AJAX requests in WordPress are handled through the admin-ajax.php endpoint, which is accessible to any visitor, making proper authentication and input validation essential for every handler you register. A Cross-Site Request Forgery (CSRF) attack tricks an authenticated user’s browser into sending a forged request to a site they are already logged into. WordPress nonces — one-time tokens tied to a specific action and user — are the standard mechanism for preventing CSRF in AJAX handlers. The wp_create_nonce() function generates a nonce on the server and check_ajax_referer() verifies it before any processing occurs. Input sanitization is equally important: every value from $_POST or $_GET must be treated as untrusted until validated and sanitized. WordPress ships a rich set of sanitization helpers including sanitize_text_field(), absint(), sanitize_email(), and wp_kses(). The wp_unslash() wrapper should be applied before sanitization to strip magic-quote slashes that PHP may add on older servers. Returning data with wp_send_json_success() and wp_send_json_error() sets the correct Content-Type header and terminates execution automatically. Registering both wp_ajax_{action} and wp_ajax_nopriv_{action} hooks controls whether the endpoint is available only to logged-in users or to everyone. The structured data guide demonstrates another server-side PHP pattern that touches public output. See the WooCommerce access control post for a real-world example of role checks combined with sanitized input. Applying these patterns consistently across all AJAX handlers eliminates the most common class of vulnerabilities in custom WordPress code.
Problem: Custom WordPress AJAX handlers that skip nonce checks and raw input sanitization are vulnerable to CSRF attacks and data injection from untrusted requests.

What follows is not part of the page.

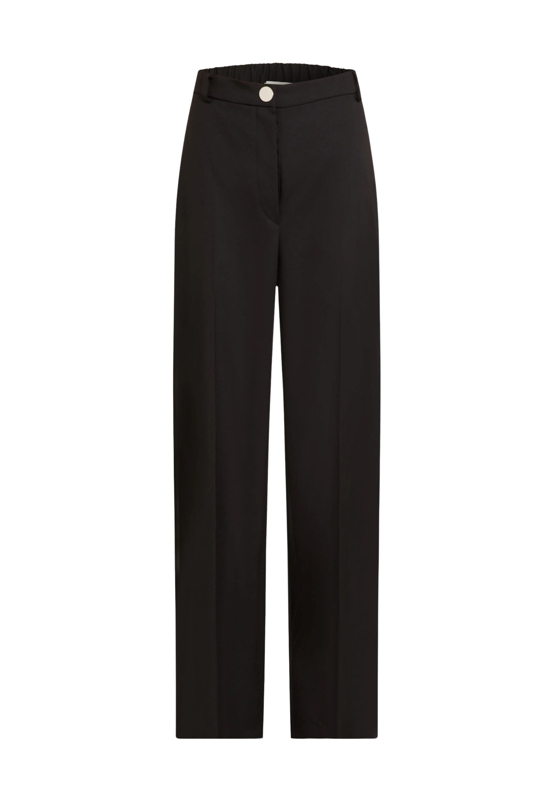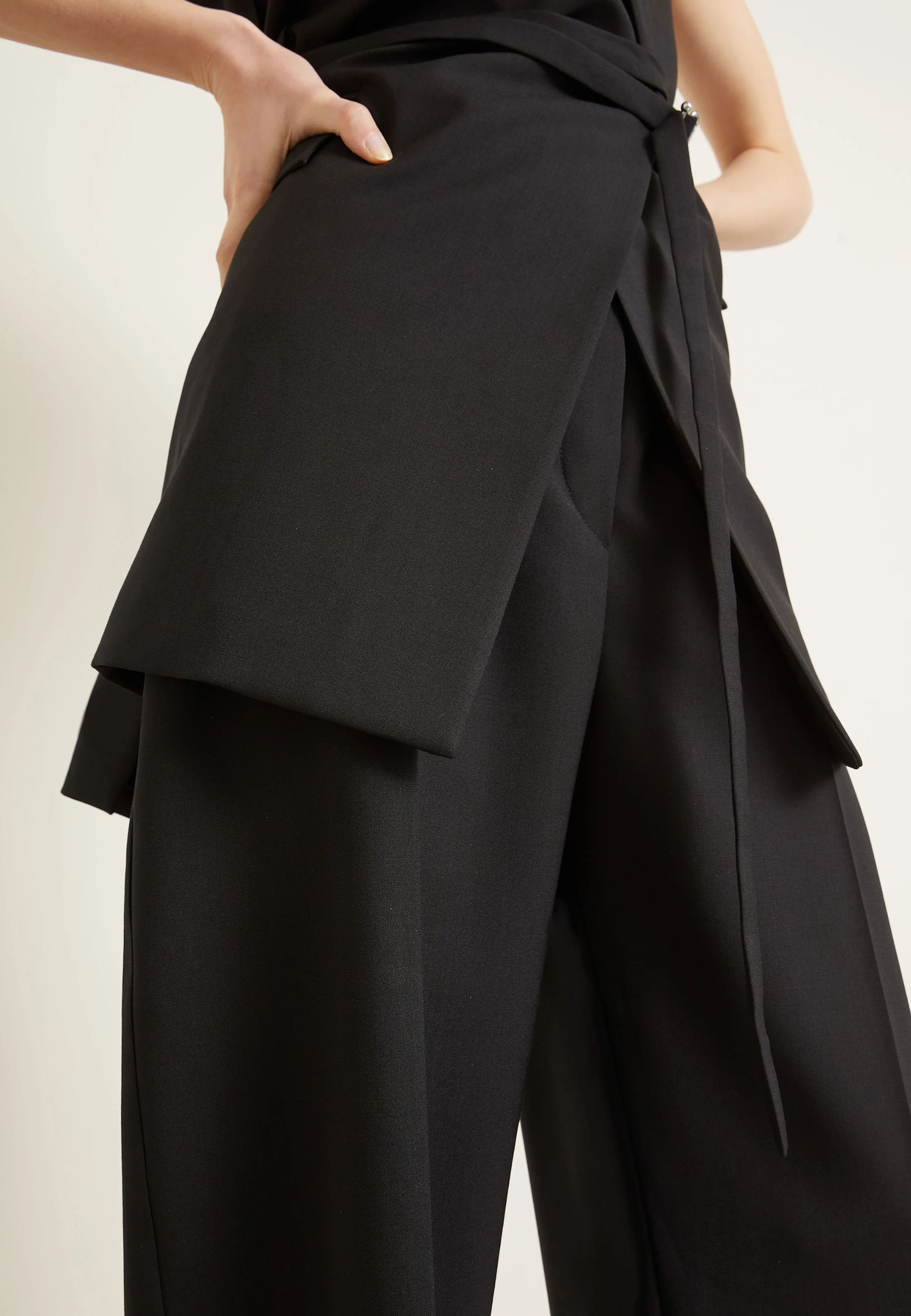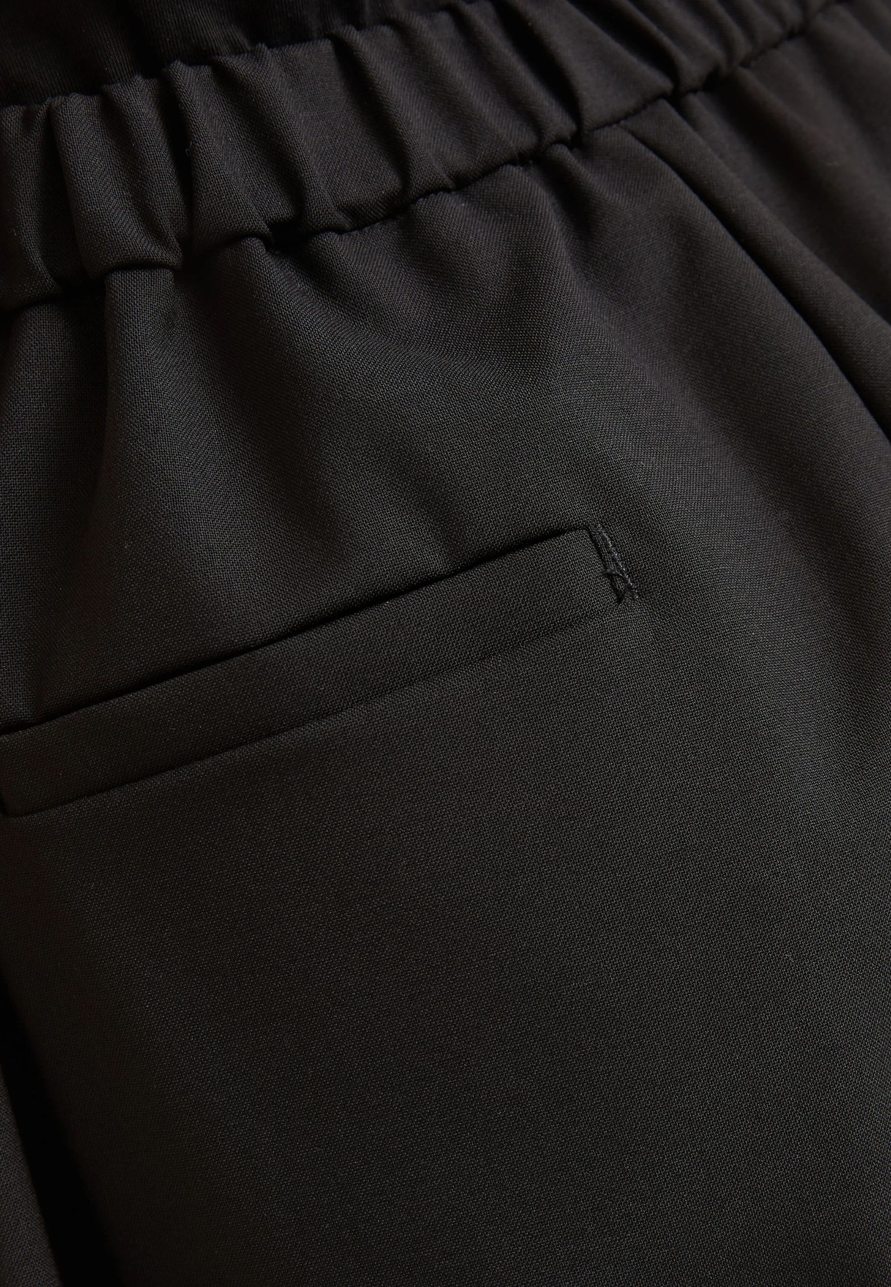 Il modello è caratterizzato da chiusura frontale con bottone e zip, cintura con inserti elasticizzati sul retro per una maggiore vestibilità e tasche laterali funzionali. Sul retro sono presenti tasche a filetto, mentre un piccolo dettaglio gioiello decorativo sulla tasca aggiunge un accento discreto e sofisticato.
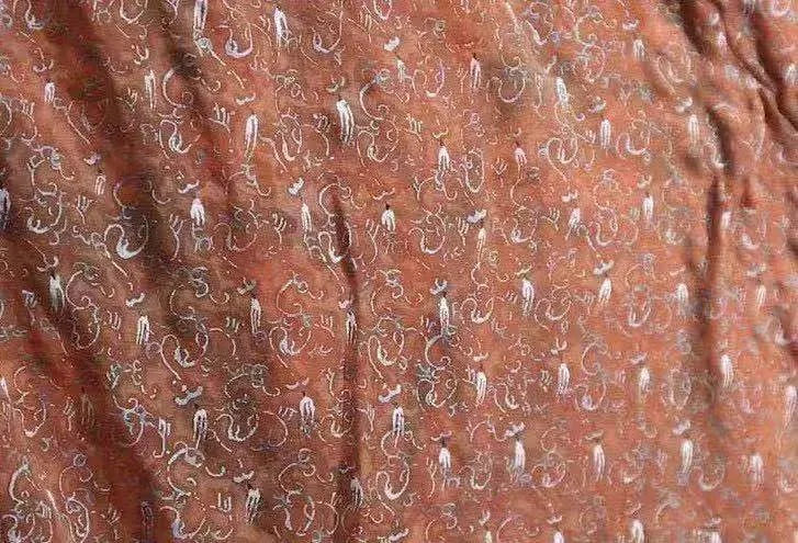 这是湖南博物院院藏印花敷彩纱丝绵袍局部(原文物)。(受访者供图)

Solution: Use wp_localize_script() to pass a nonce to JavaScript, call check_ajax_referer() at the top of each handler, and sanitize every $_POST value with the appropriate WordPress sanitization function before use.
// Enqueue script with a nonce for AJAX
add_action('wp_enqueue_scripts', function() {
wp_enqueue_script('my-ajax', get_template_directory_uri() . '/js/ajax.js', ['jquery'], '1.0', true);
wp_localize_script('my-ajax', 'myAjax', [
'ajaxurl' => admin_url('admin-ajax.php'),
'nonce' => wp_create_nonce('my_ajax_nonce'),
]);
});
// Register AJAX handler for logged-in and guest users
add_action('wp_ajax_my_action', 'handle_my_ajax');
add_action('wp_ajax_nopriv_my_action', 'handle_my_ajax');
function handle_my_ajax() {
check_ajax_referer('my_ajax_nonce', 'nonce');
$search = sanitize_text_field(wp_unslash($_POST['search'] ?? ''));
$results = get_posts(['s' => $search, 'posts_per_page' => 10, 'post_status' => 'publish']);
wp_send_json_success(array_map(function($post) {
return [
'id' => $post->ID,
'title' => get_the_title($post),
'url' => get_permalink($post),
];
}, $results));
}NOTE: Set the second parameter of check_ajax_referer() to the exact field name that holds the nonce in the POST data — mismatched names silently fail verification and leave the handler unprotected.